Wellous Group Limited agreed to acquire Kairous Acquisition Corp. Limited from Kairous Asia Limited and others for approximately $270 million in a reverse merger transaction.
The boards of directors of both Wellous and Kairous have unanimously approved the Proposed Transaction. Transaction is subject to approval of including regulatory approvals and other customary closing conditions. Consummation of the Merger Agreement and the transactions therein is conditioned on, among other things, the SEC having declared the registration statement with respect to the Business Combination effective; approval by Kairous' and Wellous' shareholders; all required filings under the Hart-Scott-Rodino Antitrust Improvements Act of 1976 shall have been made and any applicable waiting period shall have been completed; and as of the Closing, KACL shall have at least $5,000,001 in net tangible assets. Contemporaneously with the execution of the Merger Agreement, certain Shareholders, representing 90% of voting power of Wellous Group Limited, entered into a support agreement pursuant to which such Shareholders agree to, among other things, vote their shares in favor of the Merger Agreement and the proposed Business Combination. Contemporaneously with the execution of the Merger Agreement, certain holders of KACL common stock, representing 52.0% of the voting power of KACL, entered into a support agreement, pursuant to which such holders agreed to, among other things, agree to vote their shares in favor of the Merger Agreement and the Business Combination.
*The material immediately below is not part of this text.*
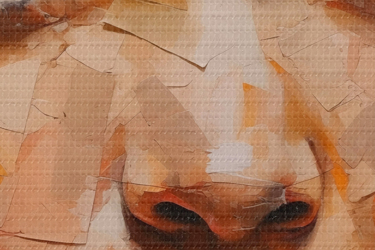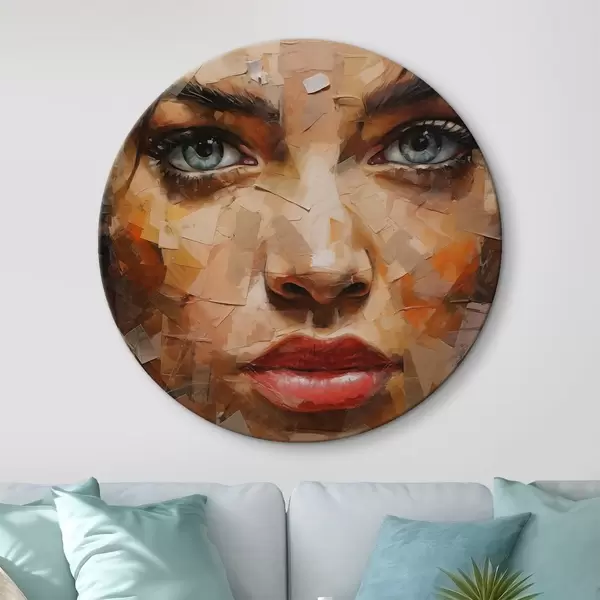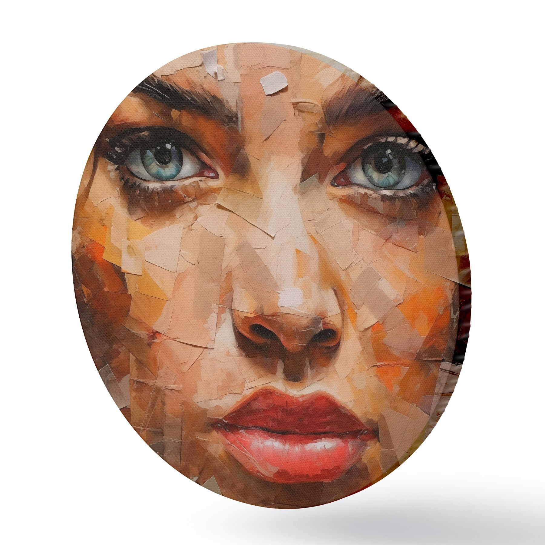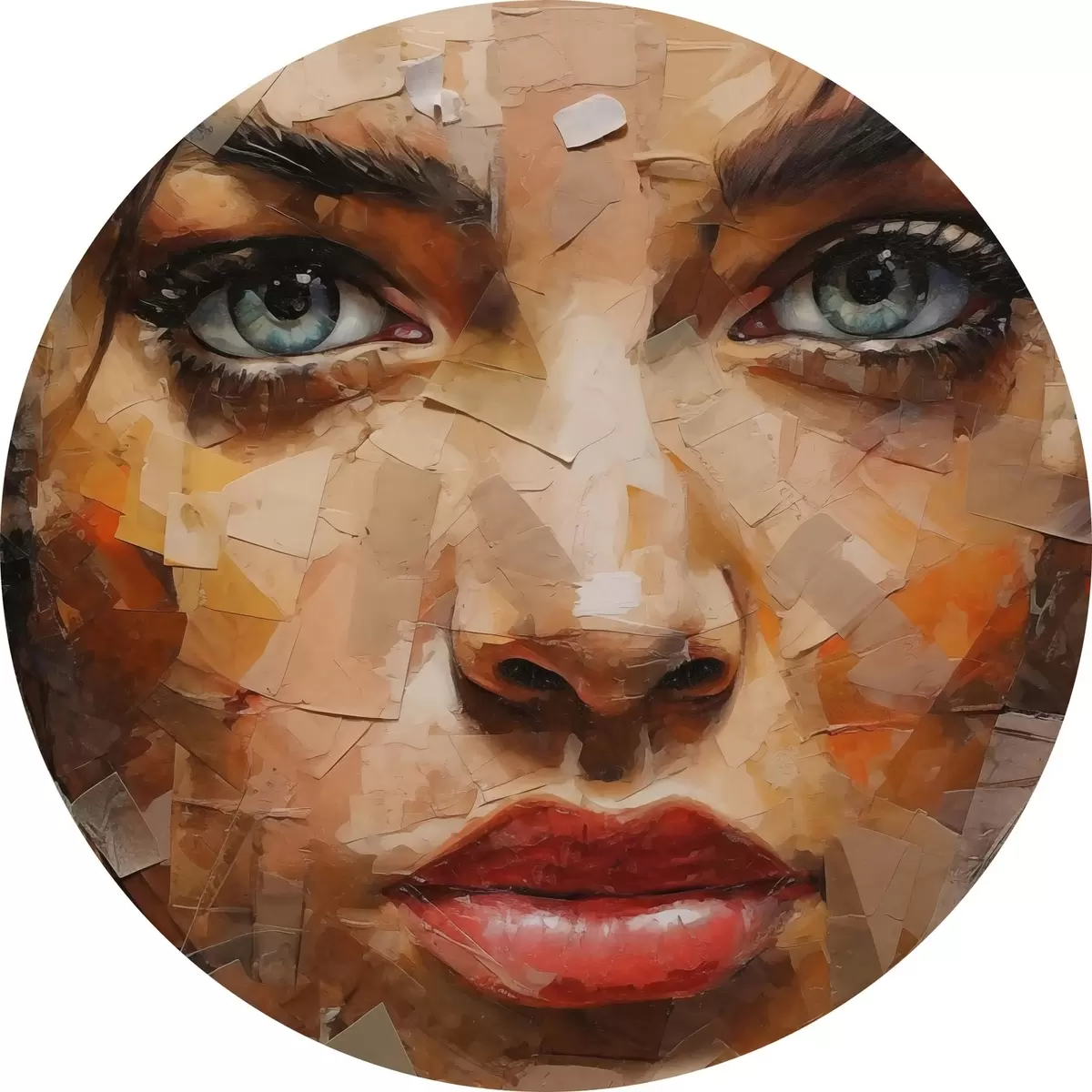 Runde Gemälde Das Gesicht eines Mädchens aus Zeitungen r43467

The transaction is expected to close in mid 2023. As of June 15, 2023, Kairous Asia Limited, the initial public offering sponsor, has deposited into the Kairous trust account an aggregate of $0.12 million in order to extend the period of time the Kairous has to complete a business combination for an additional one month period, from June 16, 2023, to July 16, 2023. The Kairous Asia Limited issued a promissory note to Sponsor with a principal amount equal to the amount deposited. The promissory note bears no interest and will be converted into the Kairous ordinary shares at a price of $10.10 per share at the closing of a business combination by the Kairous.
Chardan is serving as M&A and Capital Markets advisor and Lawrence Venick of Loeb & Loeb LLP is serving as legal advisor to Kairous. Arila E. Zhou of Robinson & Cole LLP is serving as legal advisor to Wellous.